Written by Steven Clift

BBC Radio 4 LogoBBC Radio 4 LogoThe other day I had the privilege of participating in a debate on BBC Radio 4’s You and Your’s program about anonymity in online commenting. Have a listen.

At the Guardian’s Active conference I asked, why major online news sites are so content with empowering the angriest people in society with the design of their online news commenting systems. I am personally most interested in the local level where I see the mainstream media with online news commenting essentially promoting division and discord by intent online in local communities. They are not reflecting a conflicted society, they are giving mega phones to the 1% on the extremes and allowing the other 98% of us to be driven away. At some point I hope media sites begin to survey their communities on the damage to their own reputation for poor stewardship of online interactivity. Our own experience is that simply promoting real names as the default (and I recommend pre-moderating those unwilling or unable to stand behind their words with their real name) deals with 80% of the incivility problem.
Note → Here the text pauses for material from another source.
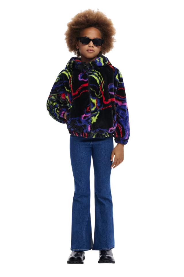 The Desigual Girls Rainbow Fur Jacket "Tutti Fruti" is more than just a piece of clothing; it's a statement of individuality and style. Treat your little one to a splash of color and comfort with this charming jacket.

While I certainly oppose government requirements that people must use their real names online, I strongly encourage democratically spirited organizations to promote real names because it gives people far more power and influence not to mention making online spaces more attractive with greater civility. Facebook is eating the interactive lunch of online news sites stuck in the 20th Century of “no one knows you are a dog” online. That said, I don’t care if World of Warcraft uses aliases or real names (link to Guardian article that tipped off the BBC).

Update: Listen to my interview on the Guardian’s podcast starting at minute 14:00.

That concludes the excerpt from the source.